Dún Laoghaire–Rathdown County Councillor
- In office 2004–2019
- Constituency: Dún Laoghaire

Personal details
- Born: 14 April 1945
- Died: 9 July 2019 (aged 74)
- Party: Fine Gael
- Children: 5, including Maria Bailey

= John Bailey (Irish politician) =

Irish Fine Gael politician (1945–2019)

John Bailey (14 April 1945 – 9 July 2019) was an Irish Fine Gael politician who was a member of Dún Laoghaire–Rathdown County Council. He spent 10 years as chairman of the Dublin County Board of the Gaelic Athletic Association.

==Political career==
===Fake endorsement letter incident===
On 23 May 2007, the eve of the General Election in the Republic of Ireland, Bailey circulated a letter purporting to be an official missive from the Fine Gael party, advising party supporters to vote No 1 for Bailey for vote management reasons. The letter was headed with a photo of the party leader, Enda Kenny. This action was subsequently criticised by his running mate, Eugene Regan, who called the letter 'entirely dishonest'. Fine Gael's local director of elections, Paddy Hayes, described the letter as a 'serious breach of party discipline and unity'.

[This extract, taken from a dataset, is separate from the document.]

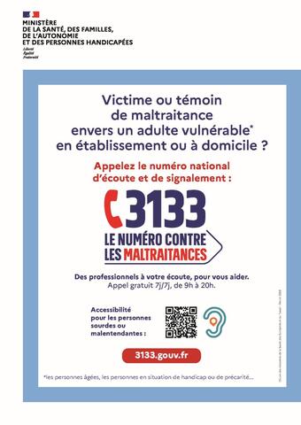 Depuis le 1er mars 2026, le 3133 est le numéro national dédié à la lutte contre les maltraitances envers les adultes vulnérables. Gratuit et accessible 7 jours sur 7, de 9 h à 20 h, il remplace le 3977 et s’adresse à toute personne victime ou témoin de maltraitance envers :

===Missing Golf club planning objection===
In 2009, Bailey wrote to constituents in the vicinity of Dún Laoghaire Golf Club to inform them that he had submitted an objection to An Bord Pleanála concerning building development proposed for the Golf club grounds. The appeals body denied receiving an objection from Bailey. Bailey stated it must have gone missing in the post and that his bank was trying to trace the cheque for his submission fee. The Sunday Business Post and The Sunday Tribune both reported that Bailey and his daughter had received financial donations towards their election campaigns from the builders and the estate agents of the Golf Club development. Bailey assured the public that the donations had no bearing on his failure to object to the development.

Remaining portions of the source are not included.